Birleşmiş Milletler parametrelerinden vaz geçmekten bahsediyorlar ya…

Hadi vaz geçtiğimizi hayal edelim birlikte:

Ne olur diye düşünelim:

1.Güney ile aramızdaki sınır kapıları kapatılır.

  1. Güney’de çalışan Kıbrıslı Türkler artık Güney’de çalışıp Kuzey’de yaşama şanslarını yitir. Kuzey’de yaşamak/çalışmak veya ülkeyi terketmek durumunda kalırlar.
  2. Güney’de her kademede eğitim almakta olan veya çeşitli kurslara devam etmekte olup uluslararası sertifikalar edinmeye çalışan gençlerimiz başta olmak üzere tüm insanlarımız bu haklarını artık kullanmazlar.
  3. Yeşil Hat tüzüğüne bağlı olarak sürdürülen ticari faaliyetler; bu faaliyetlere dayandırılan çalışmalar ve mesleki etkinlikler artık bunu sürdüremeyeceklerinden dünyaya açılan pencere olarak sadece Kuzey’i ve Türkiye’yi düşünmek zorunda kalırlar. Bunca yatırım, emek ve düzenleme sıfır ile çarpılarak gerilemeye maruz kalır.
  4. Güneyden günübirlik bile olsa gelen tüm turistlere veda ederiz.
  5. Kumarhaneler o yoldan gelen kumarbazları kaybederler.
  6. Avrupa Birliği kimlik ve pasaportalrımızın bizlere sağladığı ek çok imkanı kullanamaz hale gelir, belki bunu kaybetmekle karşı karşıya bırakılabiliriz. Ticaret, turizm, sağlık, eğitim için sadece uçuşlar için dahi tercih edilen güney seçeneği ortadan kalkar.
  1. Uluslararası bağlantı adı altında tek bağlantımız Türkiye Cumhuriyeti olarak kalır.
  1. Müzakereler nedeniyle Birleşmiş Milletler ve Avrupa Birliği ülkeleri ile kurulan diyaloglar ortadan kalkar.
  2. Müzakere etme gereği olmayacağından her türlü alışverişimizi Türkiye Cumhuriyeti ile yapmak durumunda kalırız.
  3. Kendi ekonomimiz, kendi sanayimiz, yeterli tarımsal ve ticari faaliyetlerimiz olmadığında kendi kendimize dahi yetememe durumumuz ortaya çıkar. Avcı toplayıcı toplum olmak imkânı da 21. yüzyıl için geç olduğundan feci bir fakirlik ve geri kalmışlığa itiliriz.
  4. Kendi eğitim sistemini geliştirebilen bir yapımız yok, kendi sağlık sistemini yapılandıran bir tecrübemiz yok, kendi sistemimizi hiçbir bacağından utarak başlatmak, geliştirmek ve ilerletmek donanımız ve pratiğimiz olmadığından çuvallamanın alasını yaşarız.
  5. Türkiye bu noktada elbette devreye girer. Ama bize sorar: Türkiye Cumhuriyeti yurttaşı olarak m yoksa yardım talep eden bir ülke olarak mı görmeliyim sizi? Ona göre de önce can sonra canan felsefesi çalışacaktır…

***

Her bişeyi geçtik. Peki uluslararası platformda temsiliyet ihtiyacımız olur mu? Ya da başka bir deyişle Cumhurbaşkanlığı makamına gerek kalır mı öylesi bir yapıda?

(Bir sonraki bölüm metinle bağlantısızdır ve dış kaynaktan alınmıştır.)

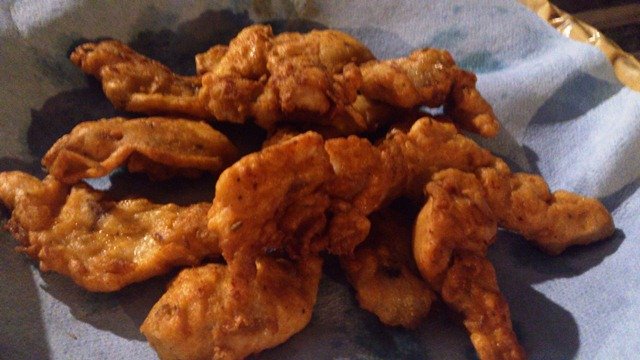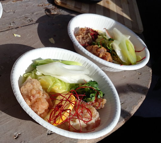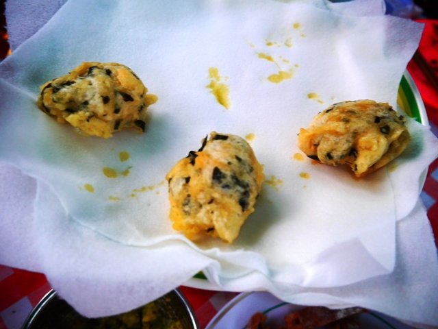 これ、なんとナマズのフリッターなんです!関西に転勤になってしまった築地師匠も久しぶりの参加。たくさんの天然鰻と共になまずも持ってきてくれました。なまずといえば、ケイジャン料理。粉に卵とビールを入れ、ケイジャン風のスパイスをミックスしていれたものにくぐらせて米油でこんがりと揚げてみました。まったく臭みがなくふわふわ!なまず食べるの初めてな人も多くてこれも大好評。 しかしなまずを釣ったり、それを綺麗に捌いたり!師匠、さすがです♪
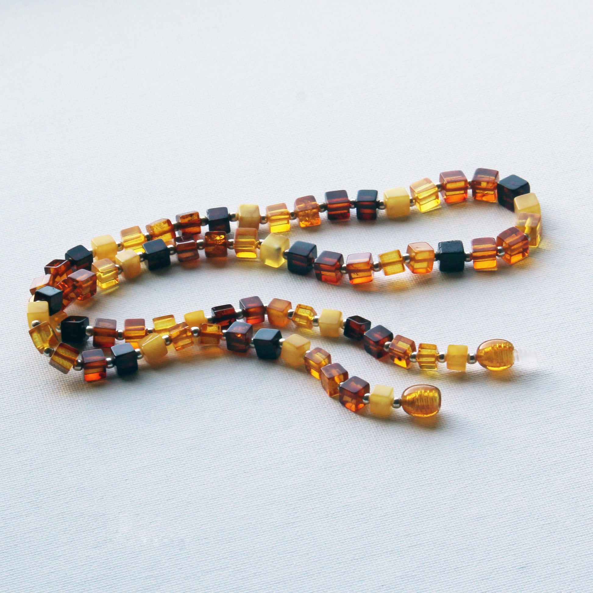 Baltic Amber Necklace, Gemstone Necklace, Amber Cubic Beads Necklace, Colorful Amber Stone Beads, Handmade Amber Beads, Unique Amber Jewelry.

İç düzeni kuracağımız, adı devlet olsa da canını ciğerine takmış, kendi yağı ile ciğerini kavuracak bir “kabile” mantığına dönüşmek gerekebilir küllerimizden doğmak için…

Hazır mısınız buna?

***

Şimdi bir antlaşma yapacak toplum olarak görüldüğümüzden, Türkiye Cumhuriyeti’nin de stratejik planlarında ona sağlayan bir toprak parçasıyız. Biz müzakere ve BM parametrelerini bıraktığımız anda Türkiye için bu toprakların böyle bir değeri kalmaz. Bilakis onun için büyük bir tehdide dönüşür; onu ciddi bir sıcak/soğuş savaşın içine girmeye zorlamış oluruz. Bu savaş bizi hemen yok eder, o ise bu topraklardan çekilmek zorunda kalabilir.

O zaman biz ne yapıyoruz?

***

CTP vekili Fikri Toros’un kürsüden BM parametrelerine dönüş hususundaki çağrısını sakın yabana atmayın. O sadece bir vekil değil. Ticaret Odası’nın uluslararası kimliğinin ileriye taşınması için çaba gösteren bireylerden birisi olarak bakışı ve görüşü dikkatle dinlenmelidir. Boşuna konuşmadığı kesin!